Worldwide technology news in pictures. This week: A different way of remembering Steve Jobs, a Canadian network equipment company rebuffs a takeover and get ready for Wi-Fi speeds to triple.


  • What a doll

    A 1:6 scale replica of the late Apple Inc. CEO Steve Jobs, including the intimidating arched eyebrows, is set to be released in February, inicons.com announced. The US$99 action figure will be clad in his trademark turtleneck, jeans, and New Balance sneakers. It will not come with a mini iPad.


  • A big deal for big data

    After nearly seven years of development, version 1.0 of the Apache Hadoop data processing framework is finally ready for full production use, the developers of the software announced.
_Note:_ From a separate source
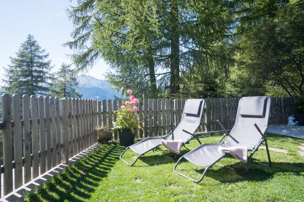 Die sonnige Terrasse lädt zum Entspannen ein, mit Liegestühlen zum Ausruhen, Sonnenbaden und einem gemauerten Holzkohlegrill für kulinarische Erlebnisse. Ein liebevoller Kräutergarten steht zur Verfügung.
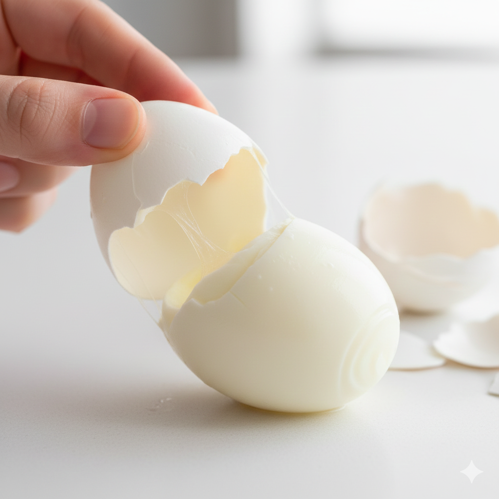 3. 매끈한 껍질 분리: 갑작스러운 온도 변화는 흰자를 수축시킵니다. 이때 껍질 안쪽의 난각막과 흰자 사이에 틈이 생겨 껍질이 훨씬 매끄럽게 잘 벗겨지게 됩니다.

Hadoop can be used to store and analyze large data sets too big for traditional relational databases


  • HP’s Phoenix rises

    In advance of this week’s Consumer Electronics Show in Las Vegas, Hewlett-Packard Co. trumpeted its most powerful PC, the water-cooled HPE Phoenix. It is powered by an Intel i7-2600 3.4 GHz processor, can have up to 16GB of DD3 memory and includes Wi-Fi and three internal hard drive bays.


  • Another leap in Wi-Fi

    Also in Las Vegas, Broadcom Corp.said it will show off at CES four Wi-Fi chips that can take advantage of the soon-to-be ratified 802.11ac standard, which promise wireless LAN speeds of up to 1 Gbps. That would be about three times as fast as 802.11n WLANs. Products using the draft 802.11ac standard might start appearing this summer.


  • More beans from Oracle

    Oracle released version 7.1 of Netbeans Java IDE, used to create Java applications for desktops, servers, and for the Web. It also can be used to create applications in PHP and C/C++ and other JVM languages. The new version updates the tools and libraries so they can be used to build more sophisticated user interfaces.


  • RuggedCom, Belden in standoff

    RuggedCom chairman Peter Crombie said the Ontario-based maker of networking equipment for harsh environments has recommended shareholders reject a $280 million unsolicited offer from U.S. competitor Belden Inc. as insufficient. For its part, Belden said it won’t go higher than its $22 a share offer, which expires Jan. 25.